The lines you return should be those containing the string "dengan", taken from the data below.
PROVIDED RECORDS Block Start
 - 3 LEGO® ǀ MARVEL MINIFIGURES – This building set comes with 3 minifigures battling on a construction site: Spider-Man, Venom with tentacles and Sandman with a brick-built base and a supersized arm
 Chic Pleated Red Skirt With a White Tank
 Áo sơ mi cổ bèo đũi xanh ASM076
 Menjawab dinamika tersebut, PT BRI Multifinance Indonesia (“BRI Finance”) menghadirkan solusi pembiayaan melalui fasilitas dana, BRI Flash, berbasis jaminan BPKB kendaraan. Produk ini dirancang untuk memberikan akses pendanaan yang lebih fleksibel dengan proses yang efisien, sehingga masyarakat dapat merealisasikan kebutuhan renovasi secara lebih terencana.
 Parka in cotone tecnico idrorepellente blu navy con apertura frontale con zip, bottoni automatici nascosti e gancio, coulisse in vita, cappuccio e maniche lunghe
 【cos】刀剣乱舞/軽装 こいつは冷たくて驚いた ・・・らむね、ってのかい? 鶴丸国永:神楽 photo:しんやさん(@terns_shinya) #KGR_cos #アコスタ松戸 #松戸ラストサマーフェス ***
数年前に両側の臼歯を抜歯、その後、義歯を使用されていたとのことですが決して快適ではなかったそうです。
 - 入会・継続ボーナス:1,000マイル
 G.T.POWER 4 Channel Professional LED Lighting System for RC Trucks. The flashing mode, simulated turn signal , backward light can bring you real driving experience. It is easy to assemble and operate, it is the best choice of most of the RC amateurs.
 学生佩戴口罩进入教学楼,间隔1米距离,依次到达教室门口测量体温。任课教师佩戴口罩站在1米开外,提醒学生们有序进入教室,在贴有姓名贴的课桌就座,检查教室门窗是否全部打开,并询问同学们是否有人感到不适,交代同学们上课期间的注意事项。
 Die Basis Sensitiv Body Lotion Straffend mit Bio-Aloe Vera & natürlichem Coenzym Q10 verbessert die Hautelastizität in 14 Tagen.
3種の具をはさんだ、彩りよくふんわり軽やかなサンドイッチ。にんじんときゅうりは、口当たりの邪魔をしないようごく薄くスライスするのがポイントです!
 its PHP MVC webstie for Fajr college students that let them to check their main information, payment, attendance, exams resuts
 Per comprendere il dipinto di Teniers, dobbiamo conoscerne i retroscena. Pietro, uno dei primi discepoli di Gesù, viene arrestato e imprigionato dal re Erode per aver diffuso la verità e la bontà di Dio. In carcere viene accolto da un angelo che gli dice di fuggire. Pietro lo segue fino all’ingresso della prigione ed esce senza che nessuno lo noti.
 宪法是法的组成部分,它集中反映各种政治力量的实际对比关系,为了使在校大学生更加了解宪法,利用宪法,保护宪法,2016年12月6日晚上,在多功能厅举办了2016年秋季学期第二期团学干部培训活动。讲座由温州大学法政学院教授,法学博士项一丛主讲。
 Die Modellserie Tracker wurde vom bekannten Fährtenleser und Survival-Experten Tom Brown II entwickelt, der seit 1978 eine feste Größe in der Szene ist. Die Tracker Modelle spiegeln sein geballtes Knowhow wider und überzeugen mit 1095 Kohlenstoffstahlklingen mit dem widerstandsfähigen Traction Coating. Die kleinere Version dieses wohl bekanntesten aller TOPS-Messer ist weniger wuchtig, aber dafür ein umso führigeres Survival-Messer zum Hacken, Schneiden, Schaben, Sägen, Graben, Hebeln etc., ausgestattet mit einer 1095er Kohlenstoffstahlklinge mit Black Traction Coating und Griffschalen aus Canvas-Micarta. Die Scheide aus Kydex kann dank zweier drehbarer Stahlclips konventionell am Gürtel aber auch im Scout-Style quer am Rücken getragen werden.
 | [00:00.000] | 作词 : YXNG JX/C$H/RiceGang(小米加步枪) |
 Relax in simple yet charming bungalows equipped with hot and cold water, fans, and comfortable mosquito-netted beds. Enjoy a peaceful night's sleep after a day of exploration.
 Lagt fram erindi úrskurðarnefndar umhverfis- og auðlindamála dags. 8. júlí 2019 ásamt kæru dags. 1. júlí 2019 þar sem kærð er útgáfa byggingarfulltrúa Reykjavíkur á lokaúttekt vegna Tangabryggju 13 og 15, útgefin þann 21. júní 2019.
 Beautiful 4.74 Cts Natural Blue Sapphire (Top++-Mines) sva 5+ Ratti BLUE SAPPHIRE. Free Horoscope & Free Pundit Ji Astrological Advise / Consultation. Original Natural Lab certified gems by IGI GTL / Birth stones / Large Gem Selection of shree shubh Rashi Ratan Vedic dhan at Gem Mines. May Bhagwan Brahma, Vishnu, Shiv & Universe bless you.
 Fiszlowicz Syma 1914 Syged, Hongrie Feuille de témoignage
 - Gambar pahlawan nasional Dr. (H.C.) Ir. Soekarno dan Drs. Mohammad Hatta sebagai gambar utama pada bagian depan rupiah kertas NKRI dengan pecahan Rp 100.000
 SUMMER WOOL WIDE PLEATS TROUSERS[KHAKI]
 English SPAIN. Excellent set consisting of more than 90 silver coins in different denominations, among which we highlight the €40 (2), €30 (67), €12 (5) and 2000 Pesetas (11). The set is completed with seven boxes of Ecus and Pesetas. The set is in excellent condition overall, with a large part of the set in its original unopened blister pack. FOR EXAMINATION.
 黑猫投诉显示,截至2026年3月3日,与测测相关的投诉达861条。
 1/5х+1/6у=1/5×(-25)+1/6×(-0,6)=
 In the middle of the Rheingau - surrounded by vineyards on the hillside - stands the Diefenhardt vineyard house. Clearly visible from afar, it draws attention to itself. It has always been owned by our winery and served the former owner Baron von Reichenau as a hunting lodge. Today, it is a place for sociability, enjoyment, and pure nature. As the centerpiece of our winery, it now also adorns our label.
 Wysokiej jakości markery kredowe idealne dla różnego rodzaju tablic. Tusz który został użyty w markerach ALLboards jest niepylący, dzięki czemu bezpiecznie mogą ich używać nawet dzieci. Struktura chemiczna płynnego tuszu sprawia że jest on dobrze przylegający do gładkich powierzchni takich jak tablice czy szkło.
PROVIDED RECORDS Block End
## WRITTEN ANSWER
 Menjawab dinamika tersebut, PT BRI Multifinance Indonesia (“BRI Finance”) menghadirkan solusi pembiayaan melalui fasilitas dana, BRI Flash, berbasis jaminan BPKB kendaraan. Produk ini dirancang untuk memberikan akses pendanaan yang lebih fleksibel dengan proses yang efisien, sehingga masyarakat dapat merealisasikan kebutuhan renovasi secara lebih terencana.
 - Gambar pahlawan nasional Dr. (H.C.) Ir. Soekarno dan Drs. Mohammad Hatta sebagai gambar utama pada bagian depan rupiah kertas NKRI dengan pecahan Rp 100.000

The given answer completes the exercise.